One thing to remember is when line-ending normalization is done on a file, Git
always normalize line-ending to `LF` when writing to the index.

There are sources that seems to indicate that Git won't do line-ending
normalization when a file contains mixed line-endings. I think this logic
might be in text / binary detection heuristic but couldn't find it yet.

Sources:
- https://git-scm.com/docs/git-config#git-config-coreeol
- https://git-scm.com/docs/git-config#git-config-coreautocrlf
- https://git-scm.com/docs/gitattributes#_checking_out_and_checking_in
- https://adaptivepatchwork.com/2012/03/01/mind-the-end-of-your-line/
"""

from dulwich.objects import Blob
from dulwich.patch import is_binary

CRLF = b"\r\n"
LF = b"\n"


def convert_crlf_to_lf(text_hunk):
    """Convert CRLF in text hunk into LF

    :param text_hunk: A bytes string representing a text hunk
    :return: The text hunk with the same type, with CRLF replaced into LF
    """
    return text_hunk.replace(CRLF, LF)


def convert_lf_to_crlf(text_hunk):
    """Convert LF in text hunk into CRLF

    :param text_hunk: A bytes string representing a text hunk
    :return: The text hunk with the same type, with LF replaced into CRLF
    """
    # TODO find a more efficient way of doing it
    intermediary = text_hunk.replace(CRLF, LF)
    return intermediary.replace(LF, CRLF)

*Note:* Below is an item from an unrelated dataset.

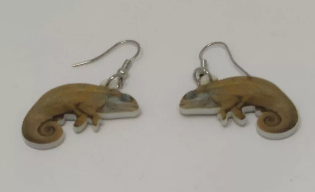 Ez a vidám és különleges kaméleon formájú fülbevaló tökéletes választás azok számára, akik szeretik az állatmintás, játékos ékszereket. A fülbevalók könnyű műanyagból készültek, így egész napos viseletre is kényelmesek. A kaméleon színes, élethű mintázata garantáltan mosolyt csal az arcokra, és vonzza a tekinteteket.

def get_checkout_filter(core_eol, core_autocrlf, git_attributes):
    """ Returns the correct checkout filter based on the passed arguments
    """
    # TODO this function should process the git_attributes for the path and if
    # the text attribute is not defined, fallback on the
    # get_checkout_filter_autocrlf function with the autocrlf value
    return get_checkout_filter_autocrlf(core_autocrlf)


def get_checkin_filter(core_eol, core_autocrlf, git_attributes):
    """ Returns the correct checkin filter based on the passed arguments
    """
    # TODO this function should process the git_attributes for the path and if
    # the text attribute is not defined, fallback on the
    # get_checkin_filter_autocrlf function with the autocrlf value
    return get_checkin_filter_autocrlf(core_autocrlf)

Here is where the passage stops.